Cooperative Non-Equilibrium Dynamics in a Thermal Rydberg Ensemble

Abstract

This thesis reports the investigation of cooperative non-equilibrium dynamics in a thermal Rydberg ensemble. Cooperative behaviour arises due to resonant dipole-dipole interactions between highly excited Rydberg atoms. In order to transfer atomic population from the ground state to the Rydberg state in a caesium vapour, a three-photon excitation scheme is developed. This scheme has a number of benefits over traditional two-photon Rydberg excitation as each transition utilises in- expensive high-power diode lasers. The process of developing the excitation scheme produces a number of important results, including an excited-state polarisation spectroscopy technique and the observation of coherent three-photon electromagnetically induced transparency.

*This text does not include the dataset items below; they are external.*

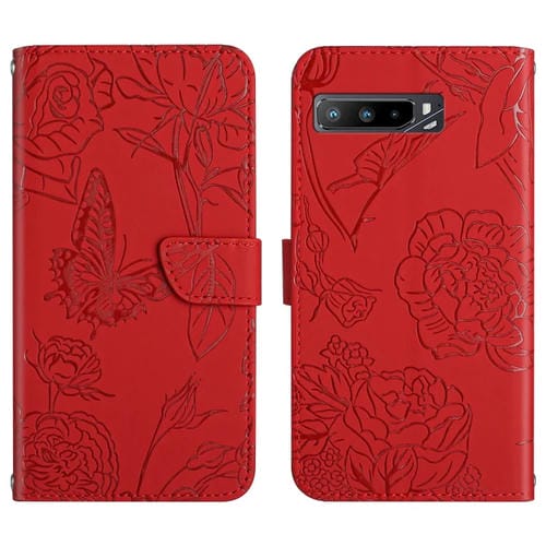 Funda de Cuero en Relieve para Asus Rog Teléfono 3 Zs661Ks con Diseño Mariposa (Rojo)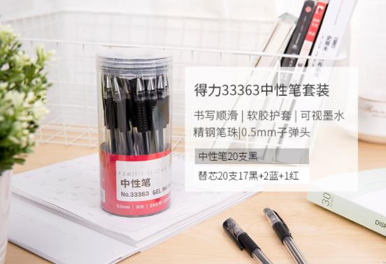 得力 33363 中性笔(混)((20支笔+20支芯)/桶) 12/盒/48/箱 (计价单位:桶)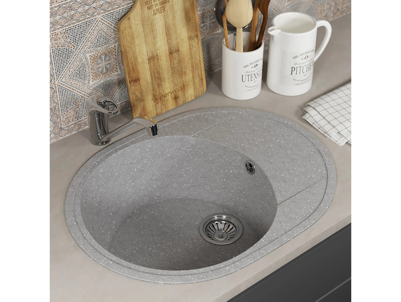 - Кухонная мойка Uperwood ECON UPD-107-003 серая матовая
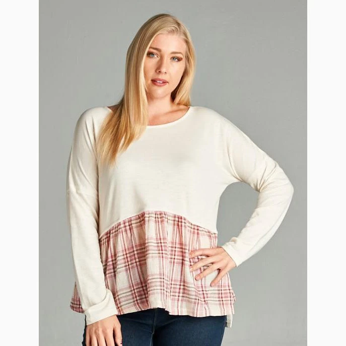 This women’s shirt from BD Collection has a unique peak-a-boo ruffle plaid design in the back! It also has plaid at the bottom of the shirt in the front too! It’s a nice mix of country and casual!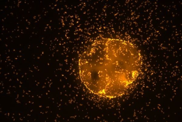 Image: Microscopic particles were immersed in natural seawater and examined underneath the microscope in order to observe the colonization dynamics of bacteria using genome sequencing. CREDIT: Julia Schwartzman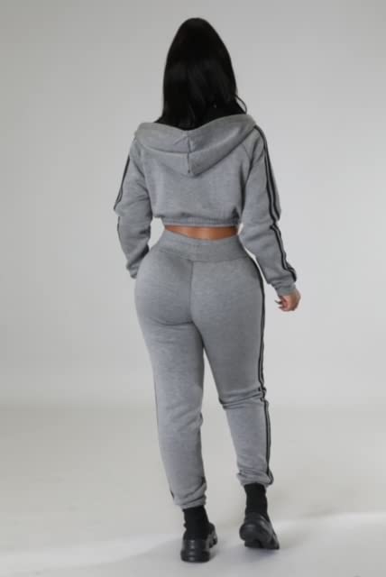 More information about Women's Casusal Two Peice Tracksuit Set With Stripes, Crop Jacket, Ankle Control, Drawstring Pants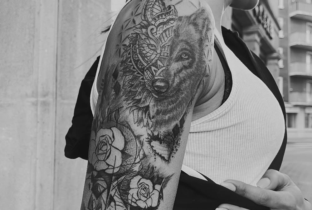 Este impactante diseño de lobo fusiona el realismo con detalles geométricos y elementos florales, creando una pieza única y llena de simbolismo. Un tatuaje que representa la conexión con la naturaleza y la fuerza interior.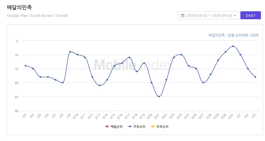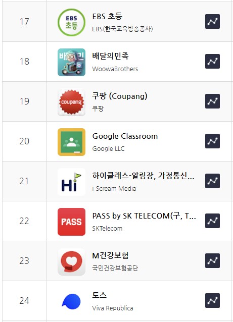 - 배달의 민족: 19만명 평점 4.3점 (18위)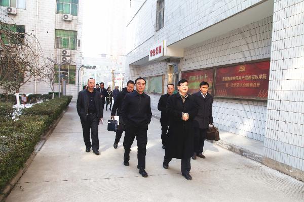 2018年1月11日上午,我校党委书记范兵、院长杨帆、副院长张越林一行到高新校区进行调研,党政办主任李庆民、基建处处长马俊生陪同。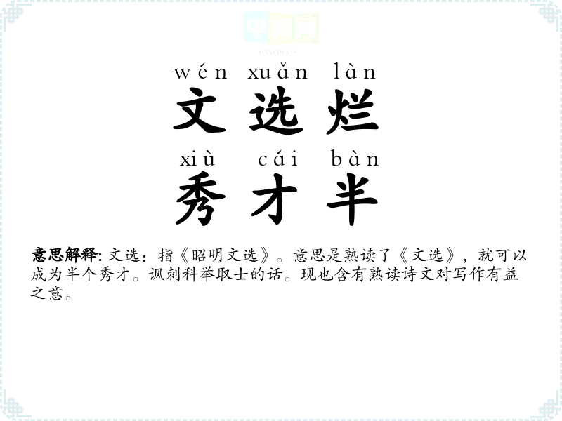 | 文选烂,秀才半 | 文选:指《昭明文选》。意思是熟读了《文选》,就可以成为半个秀才。讽刺科举取士的话。现也含有熟读诗文对写作有益之意。 |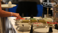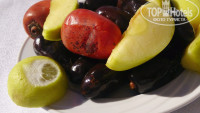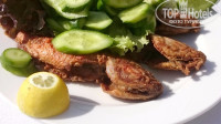 Были отличного качества овощи, рыба. Мясо давно исключил из потребления, рыба была 3х вариантов, белая. Знал про это заранее-взял с собой красной икры-добирал нужный белок перед обедом, пол-литровая банка стояла спокойно в моем номере в холодильнике. хватило вполне.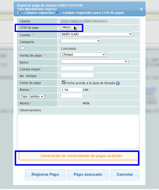 In the "CFDI de pago" field, choose the series you previously configured for payment e-document. If you haven't configured one, see lesson ID-106.5.2. for details.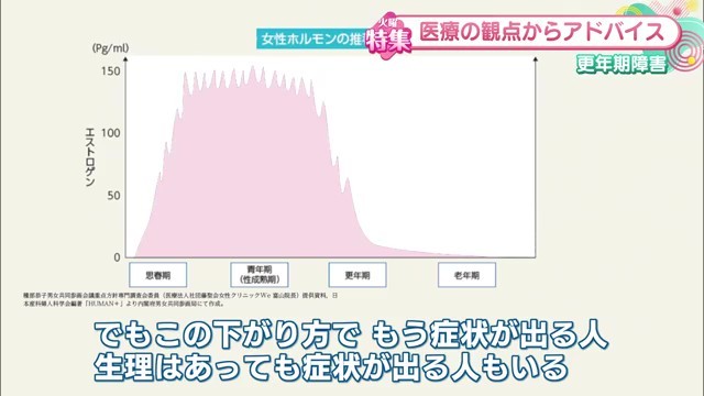 「必ずしも月経が止まる止まらないというのは目安になりません。ホルモンがある程度下がらないと月経は止まりませんが、この下がり方でも症状が出る人がいます。生理があっても症状が出る人がいるんです」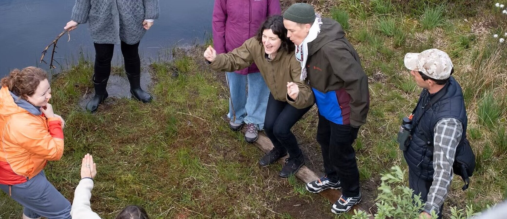 The work addresses ideas of coexistence, protection, and stewardship of peatlands, blending the voices of the Institute for Multi-Species-Singing with audio material from a paleoecological coring into the bog.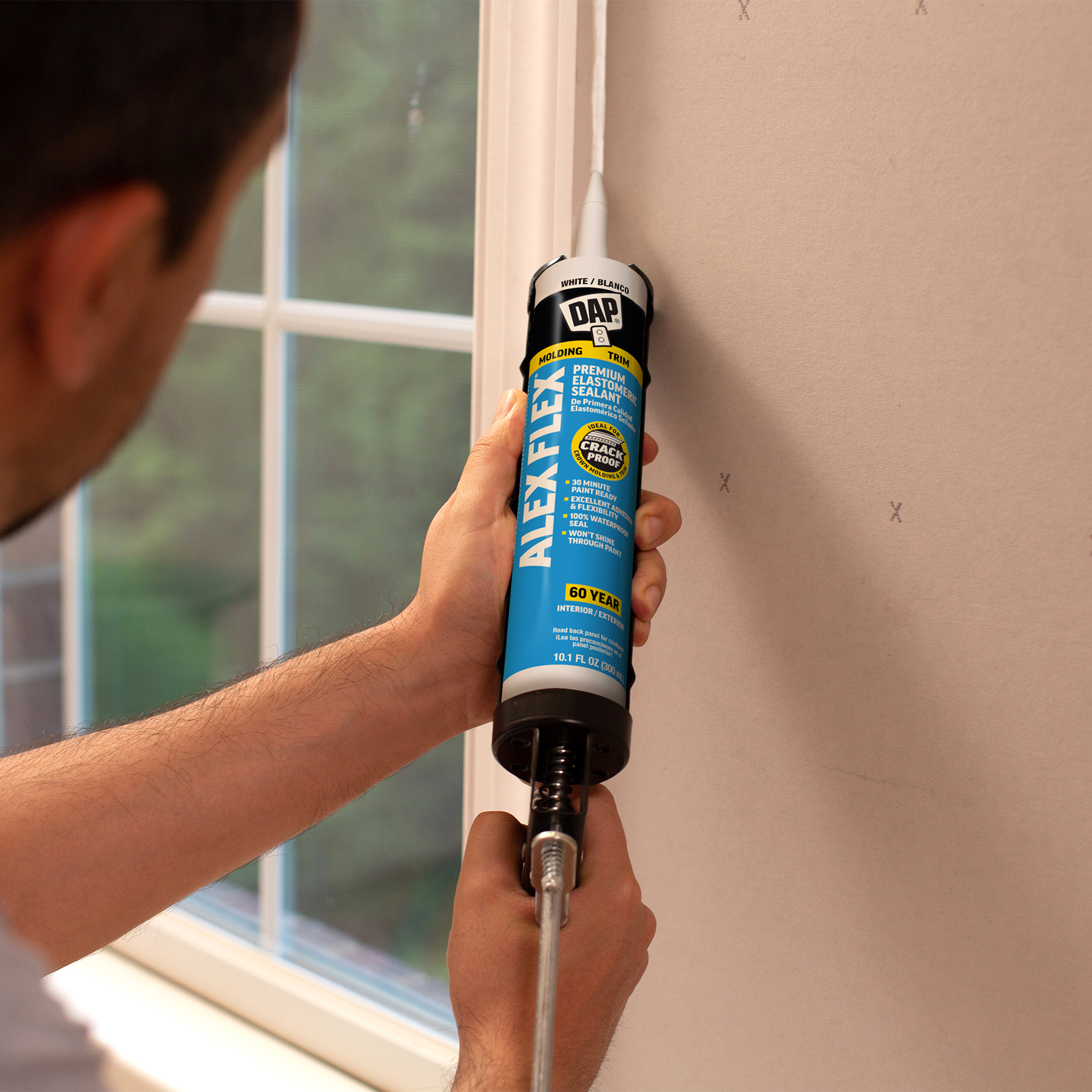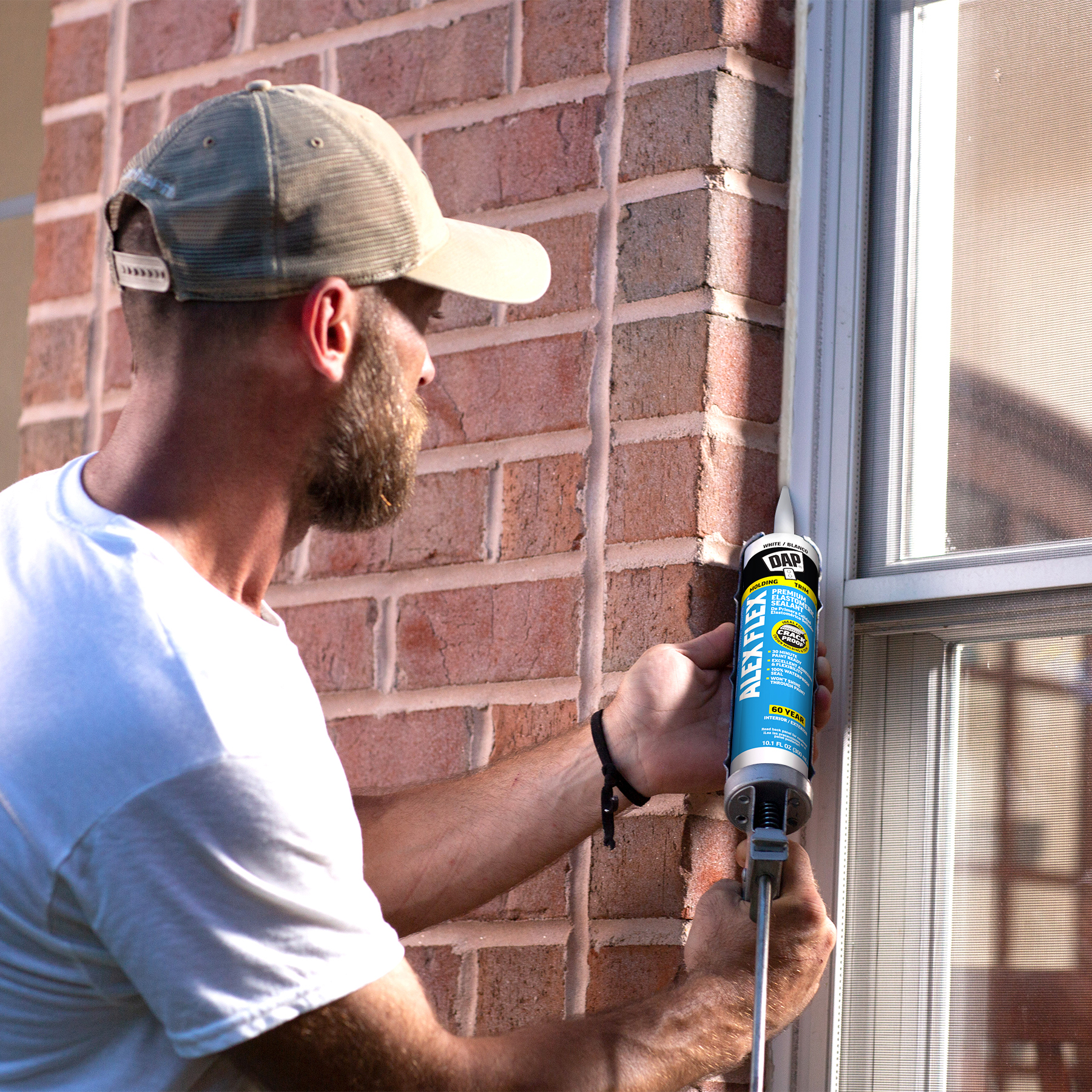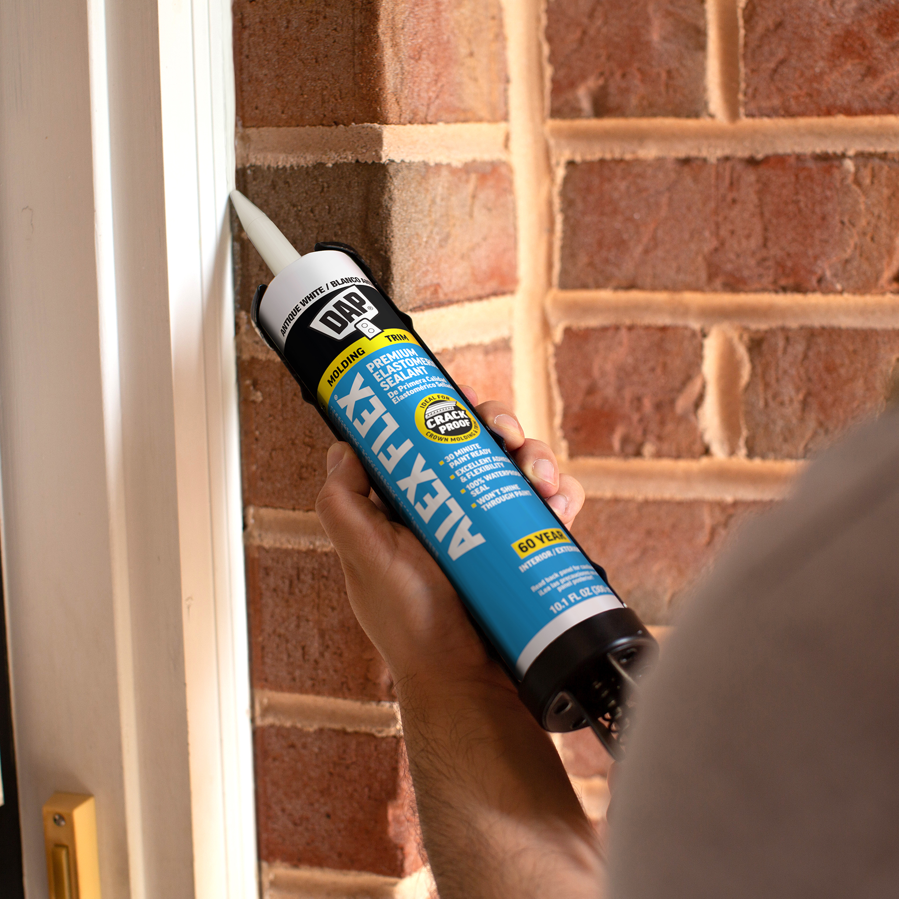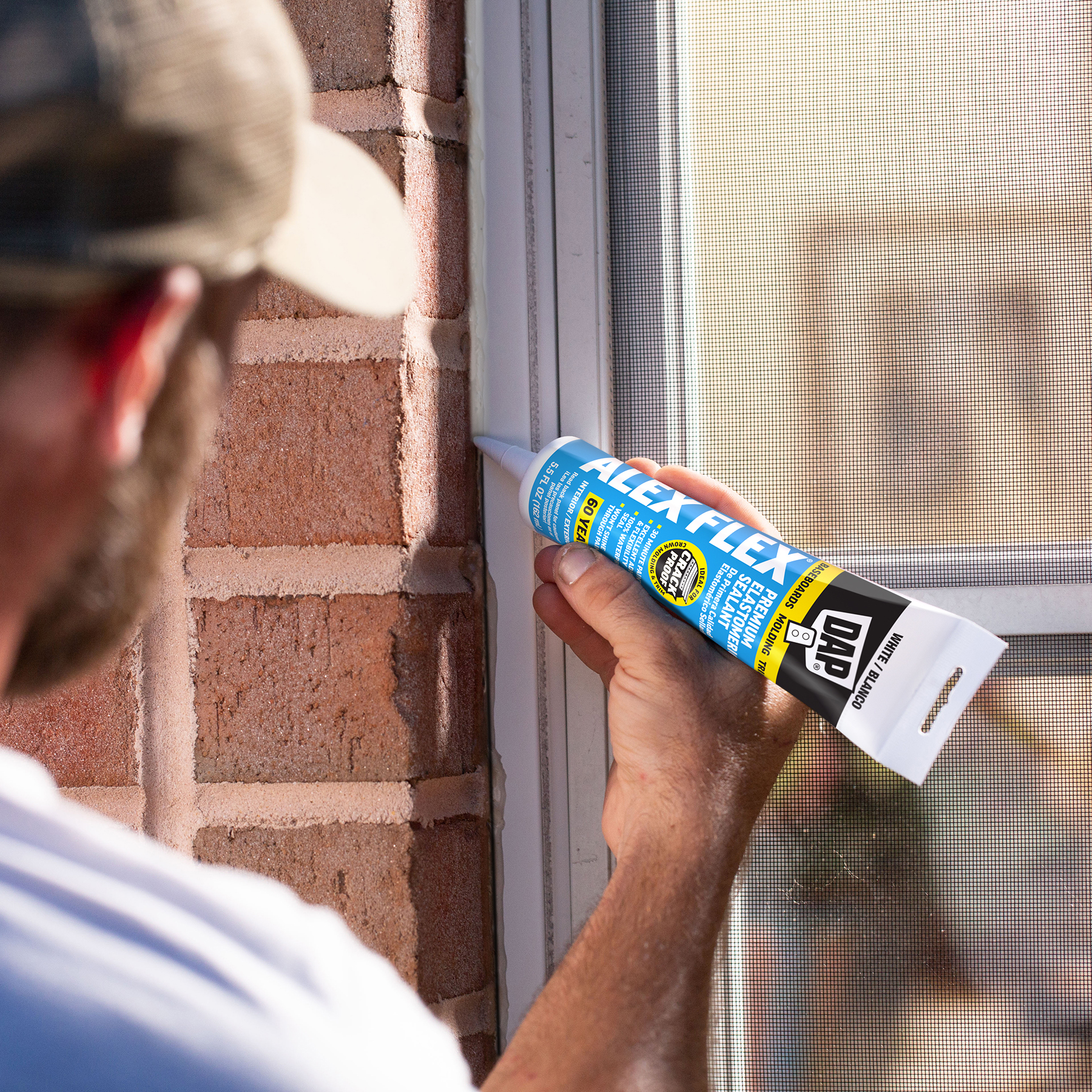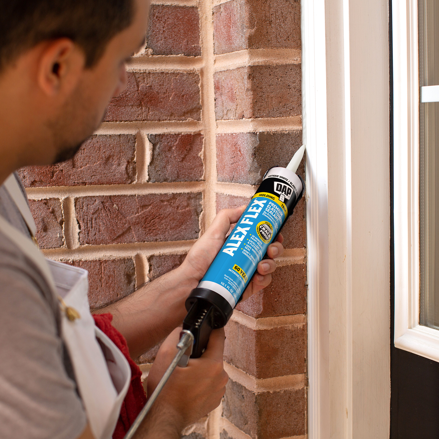 DAP® ALEX® acrylic latex caulks are ideal for filling and sealing gaps and cracks around window and door frames, molding, trim, baseboards, corner joints, and more. They have excellent adhesion to painted and unpainted wood, aluminum, vinyl, metal, brick, drywall, concrete and masonry.

The optical response and atomic dynamics of the interacting ensemble can be separated into two distinct phases. When the Rydberg number density is low and the interactions are negligible, the system can be described by the behaviour of a single atom. However, when the Rydberg number density is high, resonant dipole-dipole interactions result in a significant modification of the ensemble properties. This cooperative many-body phase cannot be described by the behaviour of a single atom. In the frequency domain, the interactions produce an excitation-dependent cooperative energy shift that is observed using probe transmission spectroscopy. In the time domain, the interactions result in a cooperative enhancement of the atomic decay rate that is analysed using fluorescence spectroscopy.

At the transition between the single-body and many-body phase, a first-order non-equilibrium phase transition occurs. This is observed spatially along the length of the excitation region as a sharp switch in the emitted fluorescence. The first-order phase transition is also observed in the temporal response of the ensemble through critical slowing down. The divergence of the switching time to steady state follows a universal scaling law for phase transitions and the determined critical exponent is in excellent agreement with previous work on non-equilibrium phase transitions.